┏━━
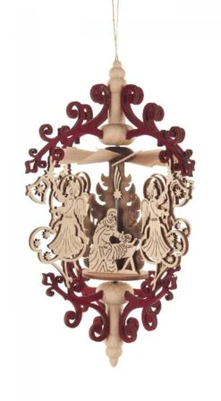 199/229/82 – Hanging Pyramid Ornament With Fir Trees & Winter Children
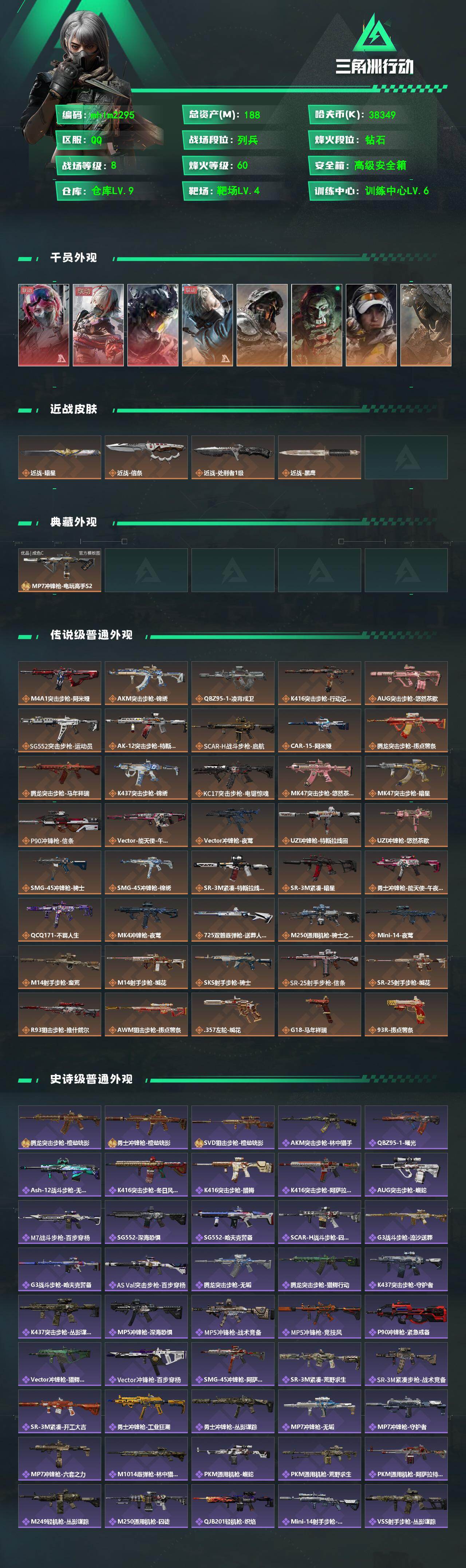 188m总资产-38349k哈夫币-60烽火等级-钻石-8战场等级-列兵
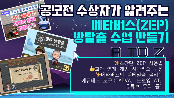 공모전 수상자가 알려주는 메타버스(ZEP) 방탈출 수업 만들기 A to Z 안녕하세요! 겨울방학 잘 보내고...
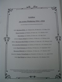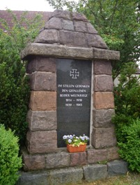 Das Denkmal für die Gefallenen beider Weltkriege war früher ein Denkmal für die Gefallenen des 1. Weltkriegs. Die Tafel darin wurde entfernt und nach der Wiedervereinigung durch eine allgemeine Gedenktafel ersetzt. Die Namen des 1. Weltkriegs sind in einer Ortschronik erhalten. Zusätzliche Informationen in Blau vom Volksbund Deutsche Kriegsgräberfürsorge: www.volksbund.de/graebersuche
┗━━
**Directions for this task:** In full and without any pictures, print the listing above exactly.

**Answer below:**
 199/229/82 – Hanging Pyramid Ornament With Fir Trees & Winter Children
 188m总资产-38349k哈夫币-60烽火等级-钻石-8战场等级-列兵
 공모전 수상자가 알려주는 메타버스(ZEP) 방탈출 수업 만들기 A to Z 안녕하세요! 겨울방학 잘 보내고...
 Das Denkmal für die Gefallenen beider Weltkriege war früher ein Denkmal für die Gefallenen des 1. Weltkriegs. Die Tafel darin wurde entfernt und nach der Wiedervereinigung durch eine allgemeine Gedenktafel ersetzt. Die Namen des 1. Weltkriegs sind in einer Ortschronik erhalten. Zusätzliche Informationen in Blau vom Volksbund Deutsche Kriegsgräberfürsorge: www.volksbund.de/graebersuche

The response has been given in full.